The average callback rate for white-sounding names is  [0.06899384 0.09199178] with 95% certainty
The average callback rate for black-sounding names is  [0.07104725 0.0903491 ] with 95% certainty


In [16]:
data_b = data[data['race'] == 'b']
data_w = data[data['race'] == 'w']

# using frequentist statistical approaches
#import stats module
import statsmodels.stats.weightstats as sms
two_sample = stats.ttest_ind(data_w['call'], data_b['call'])
cm = sms.CompareMeans(sms.DescrStatsW(data_w['call']), sms.DescrStatsW(data_b['call']))

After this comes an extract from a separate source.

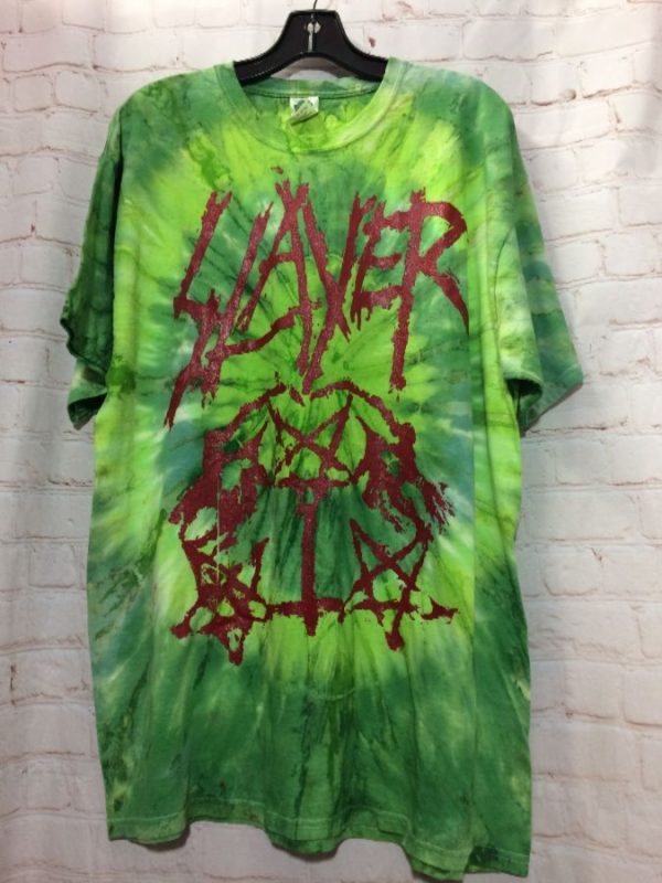 LUCKY T-SHIRT, FUNKY TIE-DYED, SLAYER, SCREEN PRINTED WITH LETTERING & PENTAGRAM FULL FRONT & BACK DESIGNS, GREEN/LIME GREEN/PURPLE, SIZE XL

print('The t-statistic and p-value are given as', two_sample)

The t-statistic and p-value are given as Ttest_indResult(statistic=4.114705290861751, pvalue=3.940802103128885e-05)


In [17]:
print('The 95% confidence interval about the mean difference is ({:.3f}, {:.3f}).'.format(cm.tconfint_diff(usevar='unequal')[0],
                                                                                          cm.tconfint_diff(usevar='unequal')[1]))

The 95% confidence interval about the mean difference is (0.017, 0.047).


In [18]:
print('The margin of error is {:.3f}.'.format((data_b['call'].mean() - data_w['call'].mean()) 
                                              - cm.tconfint_diff(usevar='unequal')[0]))

The margin of error is -0.049.


In [19]:
print(data_b['call'].mean())
print(data_w['call'].mean())

0.0644763857126236
0.09650924056768417


# Write a story describing the statistical significance in the context or the original problem.

From the analysis, black-sounding names have a 6.4% callback rate as opposed to white sounding names. This difference gives us reason to be suspicious of hiring patterns. Given the p-value, test-statistic and confidence interval; we can prove that there is a statistically significant difference between the number of black-sounding names that recieved callbacks and white-sounding names that received callbacks. We are 95% confident that white-sounding names receive between 0.017 to 0.047 callbacks more than black-sounding names. Thus, from a statistical standpoint racial discriminationin the U.S Labor Market is still a major obstacle.  

# Does your analysis mean that race/name is the most important factor in callback success? Why or why not? If not, how would you amend your analysis?

Although from the analysis we can infer that race plays somewhat of a role in the rate of callback success for job applicants, It is not enough to indicate that this is the most important factor in callback success. There are other factors such as education, experience etc. that contribute to the rate of callback success. We can go further and do a regression analysis to determine the strength of the relationship between race and callback success.